È già abbastanza raro inquadrare una Renault Clio V6, ma due? C’è da chiudere gli occhi, sfregarseli, riaprirli e mettere a fuoco la scena. È tutto vero, eccole lì: una Phase 1 grigia metallizzata accanto alla Phase 2 nera con impercettibili riflflessi dorati. Una coppia di sorelle terribili, dalla verve progettuale e con una capacità di sorprendere che, oggi, te le sogni. Scordatevi la Clio Williams: per quanto quella fosse sportiveggiante, qui si va ben oltre i cerchi in lega in tinta oro e i 2 litri di cilindrata. Queste “Superclio” sono figlie di una stagione con le bollicine, in cui c’era ancora spazio per stappare follie, di quelle buone. E millesimate: se è così difficile avvistarle, le V6, è perché sono state costruite in serie limitata e numerata, con tanto di targhetta identificativa: 1513 della prima serie, 1309 della seconda. Come indica la sigla, entrambe sono accomunate dal motore V6 ESL di 2946 cc e dall’impostazione “tutto dietro”, con il motore nell’abitacolo. Ricorda qualcosa? Non serve andare tanto lontano: la Clio V6 è diretta discendente della R5 Turbo, un’altra francesina con il peccato originale, che del modello di serie conserva solo la forma.

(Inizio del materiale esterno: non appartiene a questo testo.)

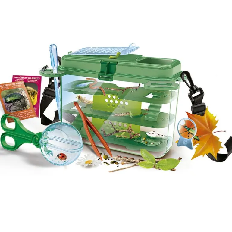 Contiene una casa de insectos para montar, un instrumento atrapa-insectos para montar, una correa con mosquetones, una pinza, una pipeta, un vasito con tapa, una lupa, tarjetas didácticas y un manual ilustrado.
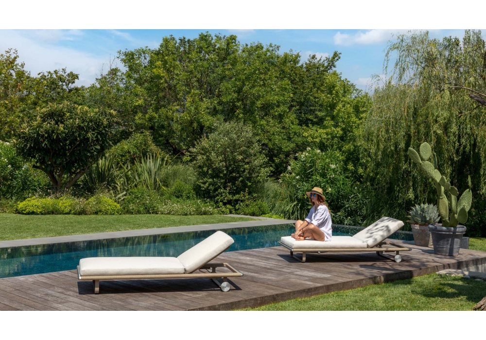 George von Ludovica + Roberto Palomba für Talenti entworfen, ist eine Sonnenliege aus Edelstahlpfosten und verflochtenen gepolsterten Riemen. Kissen mit abnehmbaren Bezügen, Polsterung aus Schnellschaum und Polsterung aus wetterfesten Outdoor-Stoffen.
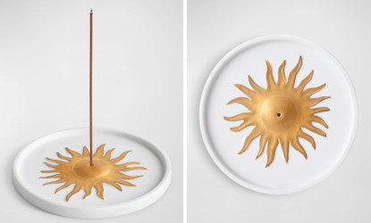 From L'Objet, the Soleil incense holder, in porcelain with 24-karat gold accents. Available for pre-order at Neiman Marcus, $95.
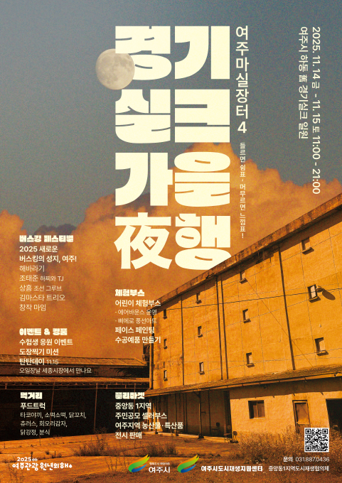 여주시는 오는 11월 14일부터 15일까지 이틀간 여주 경기실크 일원(여주시 하동 123-6번지)에서 '여주마실장터4 가을야행'을 개최한다고 밝혔다. 이번 행사는 '2025 새로운 버스킹의 성지, 여주!'라는 슬로건 아래, 깊어가는 가을밤의 정취를 더할 버스킹 페스티벌과 함께 다채로운 마켓과 체험을 선보일 예정이다.
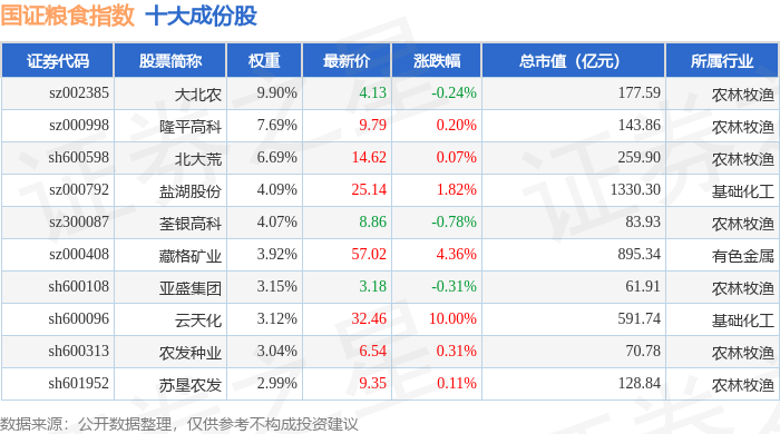证券之星消息,11月6日,国证粮食(399365)指数报收于13082.34点,涨1.12%,成交239.27亿元,换手率2.38%。当日该指数成份股中,上涨的有31家,云天化以10.0%的涨幅领涨,下跌的有15家,神农种业以4.41%的跌幅领跌。
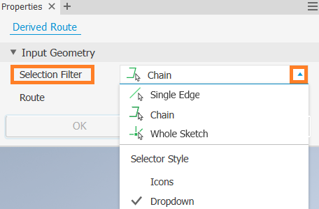 - You can change the selection method at any time before breaking the link between the derived route and the base sketch. All selected sketch elements are highlighted in cyan.
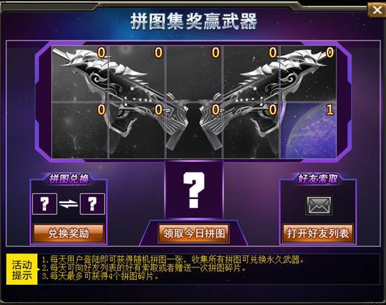 活动规则:收集拼图兑换奖励,每天最多可以获得4个拼图。
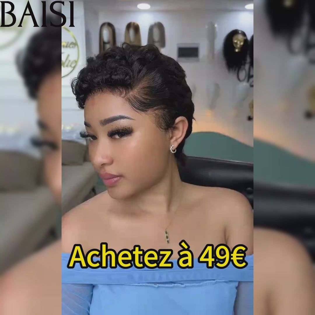 48H Livraison TVA 0€ BAISI Perruque pixie vague 6 pouce 49€ frontale 13*4 100% cheveux humains 100% identique à la photo
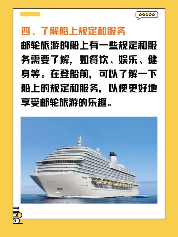 了解船上的规定和服务,以便更好地享受邮轮旅游的乐趣。
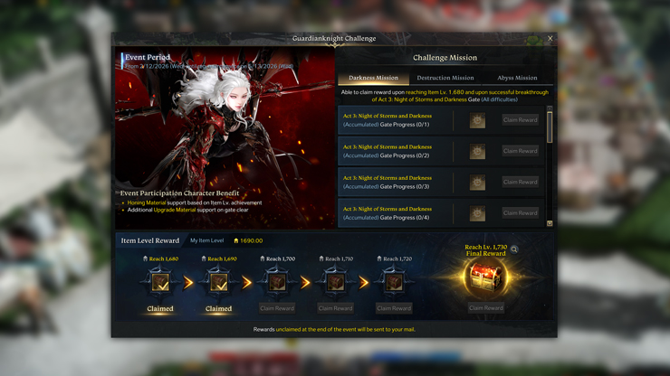 The Guardianknight Challenge layers in many additional progression materials to help boost the designated character through two main vectors: Item Level Complete rewards and Mission Rewards.

C’era pure il campionato. Per quanto alla Clio V6 sia stato riservato un apposito trofeo monomarca, disputato fra il 1999 e il 2001, la sua ragion d’essere non sta nelle corse tout court. Tantomeno nei rally. Si tratta, piuttosto, di un’affermazione e insieme di una conferma: quando vogliamo, noi di Renault siamo in grado di sovralimentare di spirito sportivo i nostri modelli di maggior successo. Anche un’innocua berlina metropolitana, reclamizzata con una modella al volante.

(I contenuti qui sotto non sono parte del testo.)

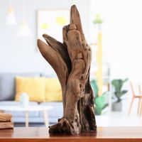 "One day I happened to notice an old sculpture my uncle had made. It was all roughly colored, but there was something interesting about the piece. I removed the paint and modified it using my own creativity and it came out really well. This is how I started my profession of wood sculpting. I started collecting old wood from the jungle and sculpting it into unique pieces of art.
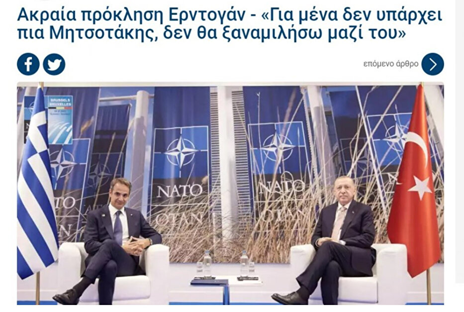 Yunan Ethnos gazetesi de gelişmeyi, "Erdoğan'dan büyük meydan okuma: "'Benim için Miçotakis artık yok, onunla bir daha konuşmayacağım'" ifadeleriyle okuyucularına duyurdu.
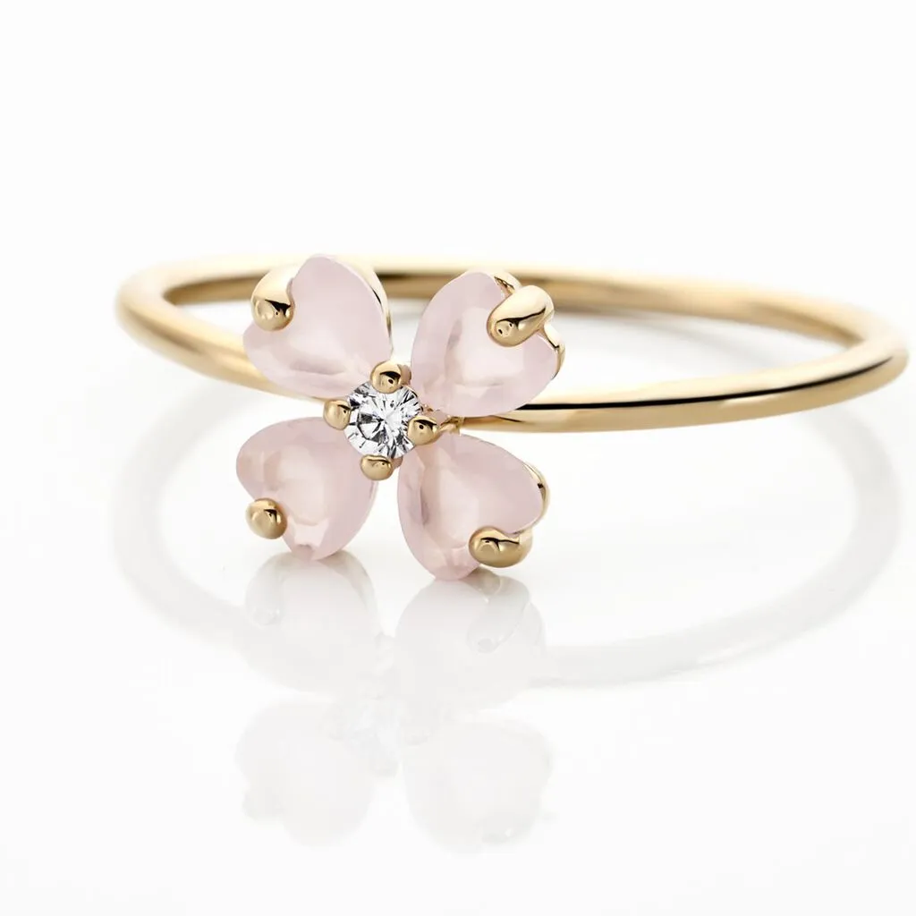 Bague Plaqué Or Jaune Fleur Pierres Roses Centre Oxyde De Zirconium
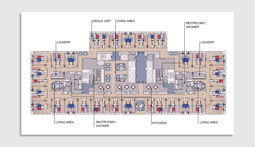 Gensler’s vision would ring the outer layer of an office floor with small, studio-style rooms with microwaves and fridges, roughly the size of a modest hotel room. The plans call for 190-square-foot units in L.A., and up to 227-square-foot units in Houston, about half the size of a typical studio apartment. The center of each floor would contain shared living rooms, kitchen, and bathrooms. These layouts would be designed with private keycard entry by floor, and what designers call a more concerted focus on safety, privacy, and security.
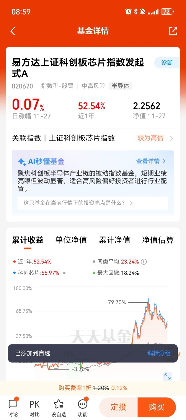 基金的业绩表现同样亮眼,成立以来收益率达126.29%,今年以来涨幅超50%,近一年收益大幅跑赢同类平均。C类份额无申购费,持有7天以上免赎回费,销售服务费仅0.3%/年,低成本优势显著。对于看好芯片行业长期发展的投资者而言,这款基金既规避了个股选股风险,又能充分享受板块高弹性,无论是定投平滑波动,还是波段把握行情,都是布局硬科技的优选。@易方达基金

Il più potente del gruppo. Tutto dietro, si diceva: la trazione e il motore piazzato in posizione centrale-posteriore eliminando il divanetto, alle spalle di guidatore e passeggero. Il V6 deriva dalla piattaforma L7X, frutto dell’alleanza fra Renault e il gruppo Psa e dell’ingente investimento finanziario che la Casa della Losanga ha incluso in un piano da ben 14 miliardi di franchi francesi dei tempi, a spanne, oltre due miliardi di euro attuali! Presentato nel 2000, il V6 trova posto anche nel vano della monovolume tre porte Avantime – altra ordinaria follia dell’epoca – e con la sigla ESL nella super Clio. Nella versione Solution F da 226 CV, è il più potente in circolazione rispetto alle altre versioni adottate da Peugeot e Citroën.

L’urlo di Much. Poche storie: dopo aver smontato il coperchio superiore e la paratia termoacustica sottostante, fa impressione vederlo lì dietro, lì dentro. Curiosamente, la Phase 2 presenta una sensibile difficoltà di accesso, poiché il portellone si apre di appena 90 gradi. Pazienza, è la sostanza che conta: il 6 cilindri della seconda serie è gonfiato fino a 255 CV, confermandosi uno dei migliori frazionati atmosferici del momento. “Su entrambe le Clio è ben isolato. Certo scalda un po’, senza essere però una croce come sulla R5 Turbo”, conferma Carlo Alberto Venosta, che le ha affiancate per Ruoteclassiche. “Il sound? Si rivela per come te lo aspetteresti. In basso è tranquillo, poi in accelerazione, dai cinque ai settemila giri, specie sulla Phase 2, sale quello che io chiamo l’urlo di Munch: un crescendo impressionante che libera un suono pieno, sconvolgente, che a me ricorda il famoso quadro”, racconta.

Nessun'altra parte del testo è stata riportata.